■ **WORK TASK**
With the pictures left aside, write out exactly the lines of the listing below from the line with "Kit Protetor Solar" to the line with "praktisch. Die Teilnehmer", both included, and only those.

■ **EXTRACTED MATERIAL**
----
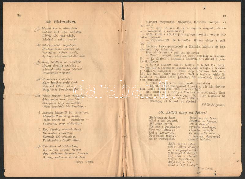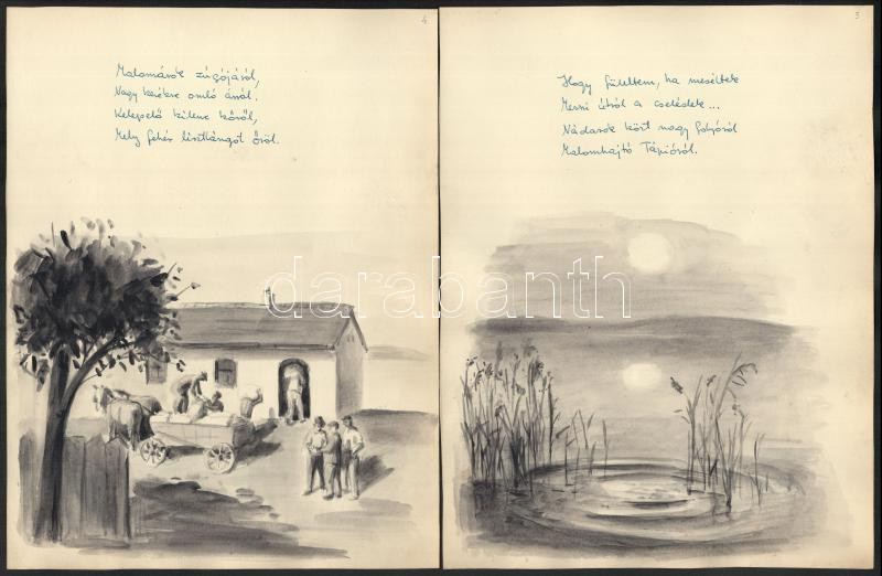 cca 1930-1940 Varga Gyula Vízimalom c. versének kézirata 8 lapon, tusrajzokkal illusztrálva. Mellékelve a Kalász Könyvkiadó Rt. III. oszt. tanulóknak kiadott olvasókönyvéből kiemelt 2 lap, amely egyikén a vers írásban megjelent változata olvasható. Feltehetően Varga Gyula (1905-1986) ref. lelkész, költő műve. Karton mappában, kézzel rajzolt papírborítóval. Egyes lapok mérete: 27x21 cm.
----
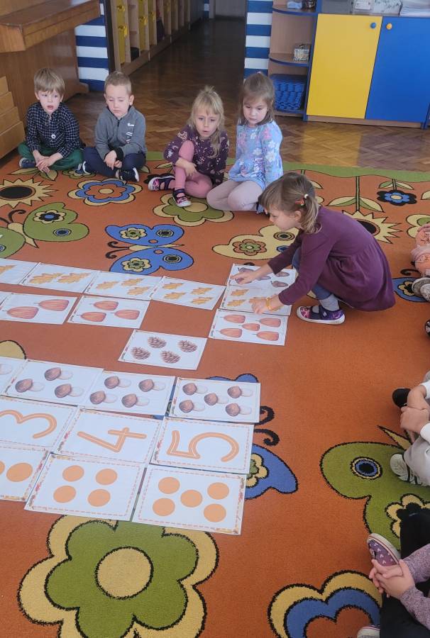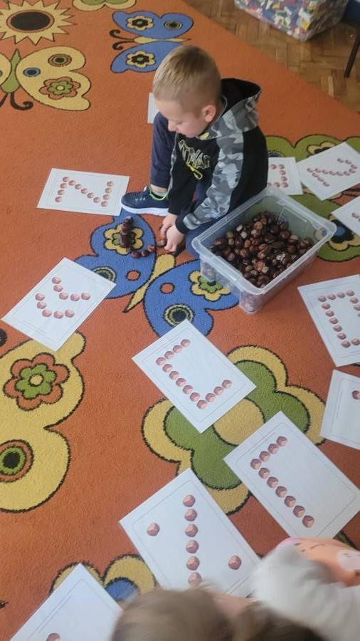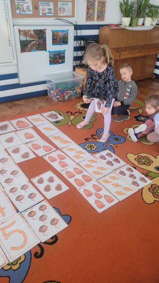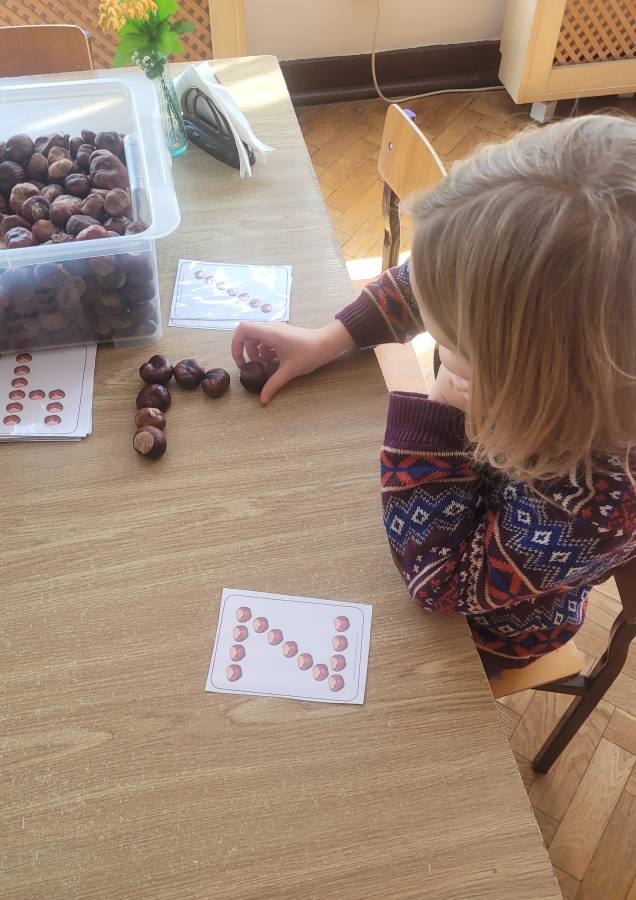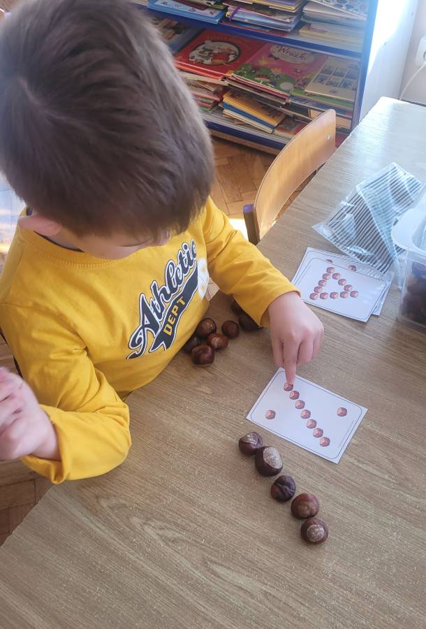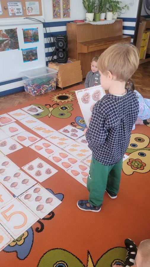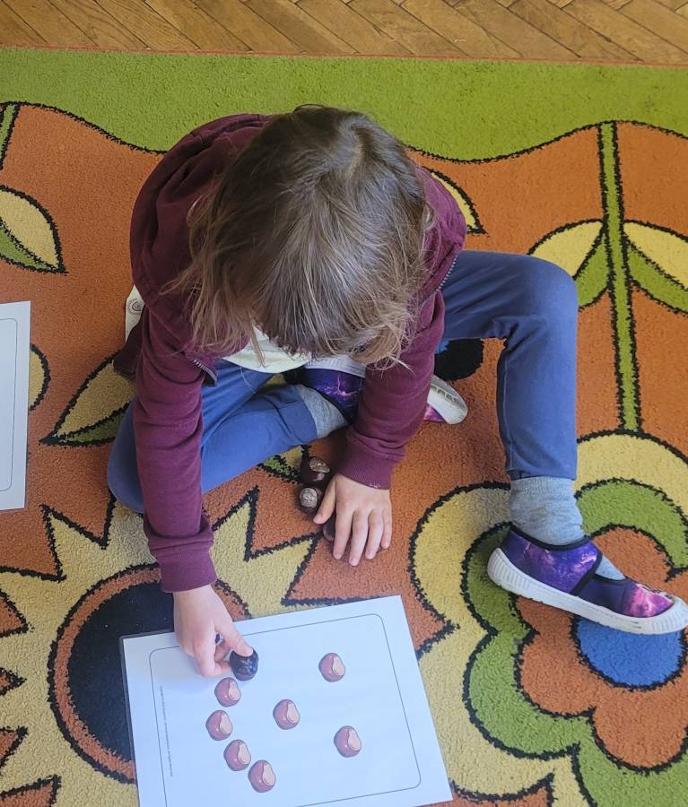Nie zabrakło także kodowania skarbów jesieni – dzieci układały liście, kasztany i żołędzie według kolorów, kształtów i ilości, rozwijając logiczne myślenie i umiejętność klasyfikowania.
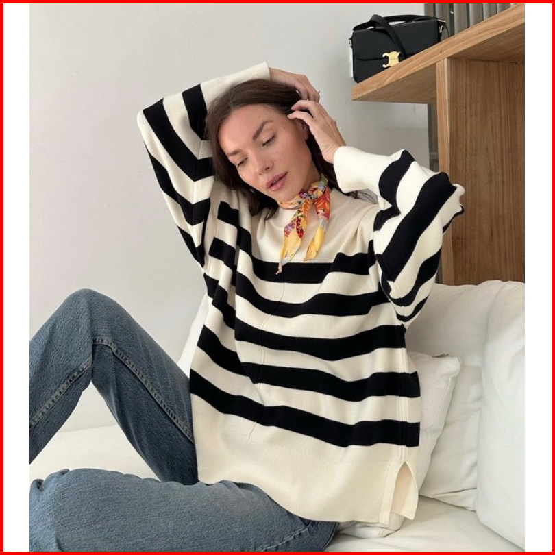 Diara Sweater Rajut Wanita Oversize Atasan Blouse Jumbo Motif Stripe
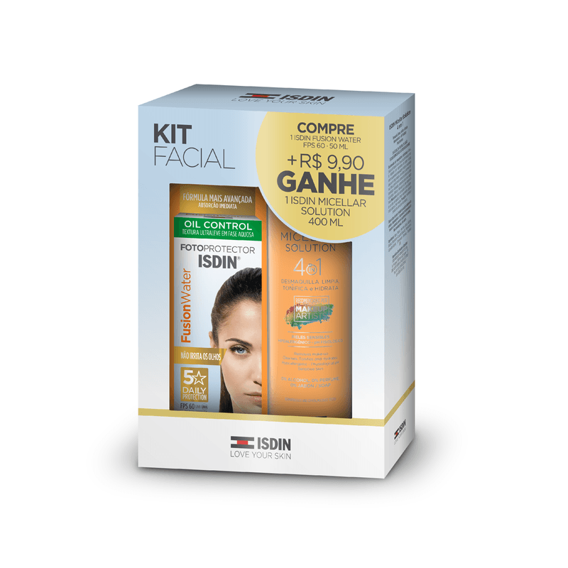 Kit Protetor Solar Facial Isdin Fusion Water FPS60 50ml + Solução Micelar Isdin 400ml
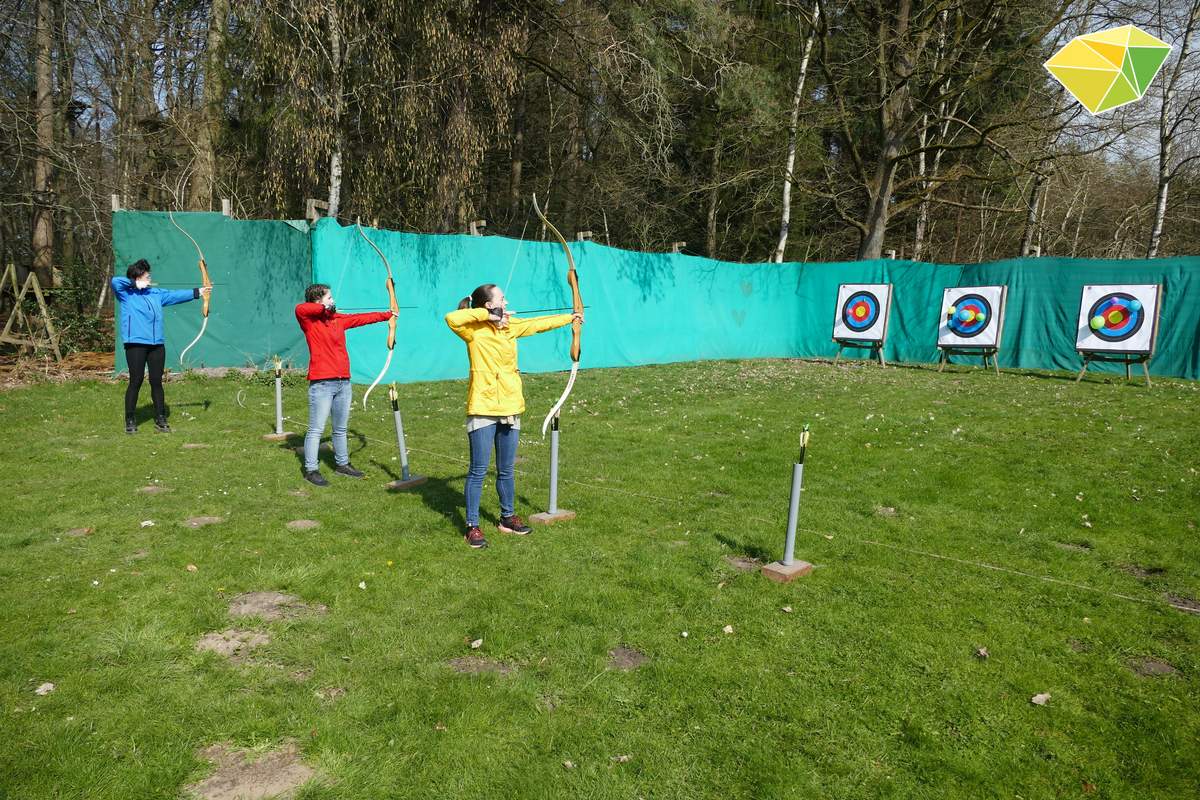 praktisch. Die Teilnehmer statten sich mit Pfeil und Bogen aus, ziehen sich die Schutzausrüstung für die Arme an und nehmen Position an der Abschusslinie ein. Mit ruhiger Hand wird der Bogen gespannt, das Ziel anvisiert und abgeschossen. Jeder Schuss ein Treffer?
----
■ **SOLUTION**
 Kit Protetor Solar Facial Isdin Fusion Water FPS60 50ml + Solução Micelar Isdin 400ml
 praktisch. Die Teilnehmer statten sich mit Pfeil und Bogen aus, ziehen sich die Schutzausrüstung für die Arme an und nehmen Position an der Abschusslinie ein. Mit ruhiger Hand wird der Bogen gespannt, das Ziel anvisiert und abgeschossen. Jeder Schuss ein Treffer?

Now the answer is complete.